Source material =>
☆ ☆ ☆

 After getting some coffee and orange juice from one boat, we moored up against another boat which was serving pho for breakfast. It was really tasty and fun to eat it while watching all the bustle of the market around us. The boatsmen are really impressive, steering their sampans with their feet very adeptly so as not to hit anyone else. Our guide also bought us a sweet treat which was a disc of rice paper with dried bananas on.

☆ ☆ ☆

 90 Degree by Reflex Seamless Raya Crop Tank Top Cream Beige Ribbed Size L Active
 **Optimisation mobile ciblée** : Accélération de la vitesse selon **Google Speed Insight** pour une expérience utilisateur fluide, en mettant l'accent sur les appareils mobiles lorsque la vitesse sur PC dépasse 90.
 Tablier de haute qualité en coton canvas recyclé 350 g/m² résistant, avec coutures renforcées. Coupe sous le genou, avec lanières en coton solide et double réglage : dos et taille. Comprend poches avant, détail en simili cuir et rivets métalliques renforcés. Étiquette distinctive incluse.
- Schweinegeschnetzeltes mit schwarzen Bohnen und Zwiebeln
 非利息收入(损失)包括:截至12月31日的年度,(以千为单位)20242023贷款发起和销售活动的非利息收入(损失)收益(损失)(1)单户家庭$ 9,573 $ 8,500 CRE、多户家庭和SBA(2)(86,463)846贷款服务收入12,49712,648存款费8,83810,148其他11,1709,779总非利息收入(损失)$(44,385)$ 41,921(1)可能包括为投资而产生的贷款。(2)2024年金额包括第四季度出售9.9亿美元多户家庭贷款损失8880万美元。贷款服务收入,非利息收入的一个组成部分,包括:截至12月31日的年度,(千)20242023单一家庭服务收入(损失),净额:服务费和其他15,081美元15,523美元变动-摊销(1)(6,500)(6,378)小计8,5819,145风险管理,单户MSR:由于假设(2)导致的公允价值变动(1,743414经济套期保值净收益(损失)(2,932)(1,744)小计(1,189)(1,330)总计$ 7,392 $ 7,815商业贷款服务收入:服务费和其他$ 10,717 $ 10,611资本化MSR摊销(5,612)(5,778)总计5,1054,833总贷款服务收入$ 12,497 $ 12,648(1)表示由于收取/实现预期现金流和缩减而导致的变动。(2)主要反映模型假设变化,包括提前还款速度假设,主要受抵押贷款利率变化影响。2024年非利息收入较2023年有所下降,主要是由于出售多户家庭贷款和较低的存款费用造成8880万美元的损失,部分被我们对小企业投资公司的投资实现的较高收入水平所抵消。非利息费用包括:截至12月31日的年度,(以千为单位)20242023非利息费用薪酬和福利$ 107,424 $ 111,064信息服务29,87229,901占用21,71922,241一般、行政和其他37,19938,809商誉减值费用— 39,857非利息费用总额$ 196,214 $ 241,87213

☆ ☆ ☆

Goal of the exercise => Of all the entries above, repeat only the lines from the line that has "PC dépasse 90." to the line that has "- Schweinegeschnetzeltes mit", both lines included, exactly.

Written response =>
 **Optimisation mobile ciblée** : Accélération de la vitesse selon **Google Speed Insight** pour une expérience utilisateur fluide, en mettant l'accent sur les appareils mobiles lorsque la vitesse sur PC dépasse 90.
 Tablier de haute qualité en coton canvas recyclé 350 g/m² résistant, avec coutures renforcées. Coupe sous le genou, avec lanières en coton solide et double réglage : dos et taille. Comprend poches avant, détail en simili cuir et rivets métalliques renforcés. Étiquette distinctive incluse.
- Schweinegeschnetzeltes mit schwarzen Bohnen und Zwiebeln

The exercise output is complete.